Our History

LiUNA Local 393 - Founded 1933

In 1932 the national economic crisis of the Great Depression was still growing. Workers had no legal right to organize unions and had little power individually to prevent lowering standards of living. But an unemployed movement had formed. Near this site, the Marseilles Dam on the Illinois River was being renovated with federal and state funds. Contractors brought in out-of-state workers, paying them below area wages.

On July 18, 1932, 300 unemployed Illinois workers gathered to demand those jobs but were turned away. They returned to picket the next day and found the company had set up a barricade and armed its workers with guns and dynamite. When union workers approached a company car, the non-union workers thought it was an attack and fired on the pro-union workers who responded with rocks and clubs. During a brutal half-hour fight, dozens of union men were hit by buckshot or clubbed.
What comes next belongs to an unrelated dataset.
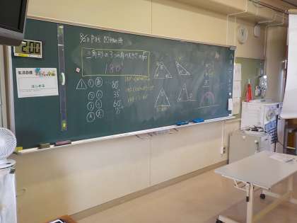 内角の和が180度になることを利用して、三角形のそれぞれの角の角度を求めました。
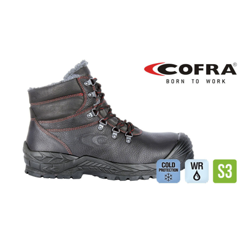 Téli Cofra munkavédelmi bakancs. Felső része: hidegnek ellenáll, vízlepergető. Bélés: lélegző szőrme+Thinsulate Talp: Cold Defender hőszigetelő talp Védelem: Kompozit kapli, APT talplemez (fémmentes) Szabvány: EN ISO 20345:2011 Hideg időjárásban is j

One union man, “Big Steve” Sutton, 47, a Croatian immigrant ironworker from Joliet, was fatally shot in the head and abdomen with dozens of buckshot pellets from a sawed-off shotgun. None of the non-union men were injured. The company soon agreed to allow unionization and to stop undercutting local workers’ wages with out-of-state workers.

The next year Laborers International Union of North America Local 393 was founded to represent area laborers. This was one incident of many by workers to raise wages and reduce the arbitrary power of management.